My eyes finally wander. Ophelia’s lying on the ground a few feet away, sound asleep. A soft, rhythmic purr bleeds through her parted lips, which look curved into a smile. I can just make out her eyeballs rolling beneath their sheaths before she turns on her side, away from me.

A shudder penetrates the numbness.

How can she actually nap, after what happened? What’s still happening?

But even more disturbing is the thought of what dreams lie coiled in that mind, hidden deep, waiting to spring.

Digory stops stroking my hair. He holds out a ration bar.

“Lucian, you really should eat something. You don’t look well.

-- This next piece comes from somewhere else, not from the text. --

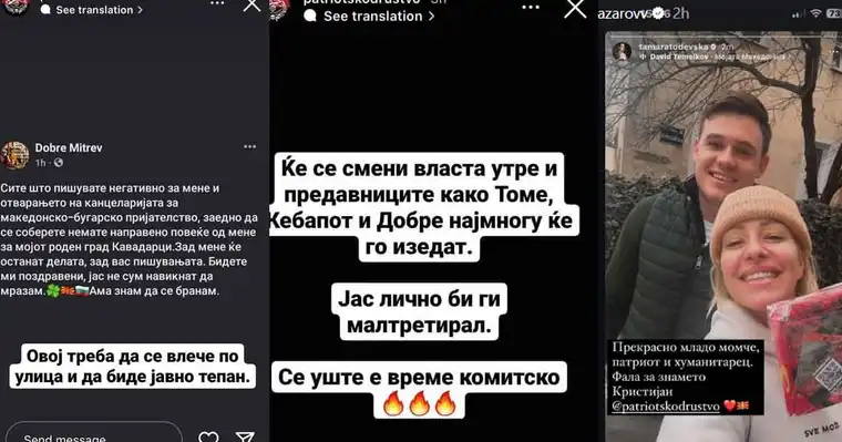 Интересно е што, според обвинувањата на Лазаров, профилот „Патриотско Друштво“ не само што шири омраза, туку и прикриено повикува на физичко насилство. Во една од објавите, наводно стоело дека личноста зад профилот „лично би ги малтретирал“ оние кои се изјаснуваат како Бугари во Македонија. Дали таквите изјави се казниви според македонското законодавство?

You need your strength.”

My eyes finally connect with his. A shard of anger stabs me. Why does he care what happens to me? Why keep pretending when he already has someone?

I sit up. “I’m not hungry.”

Instead, I swallow the sour clump lodged in my throat. My fingers dig out the crud from the corners of my eyes. There aren’t any tears left to spill, nothing left to feel except the longing to see Cole, to hold him one last time, make sure he’s okay before I, too, take my last breath. I’m so tired of fighting, tired of surviving.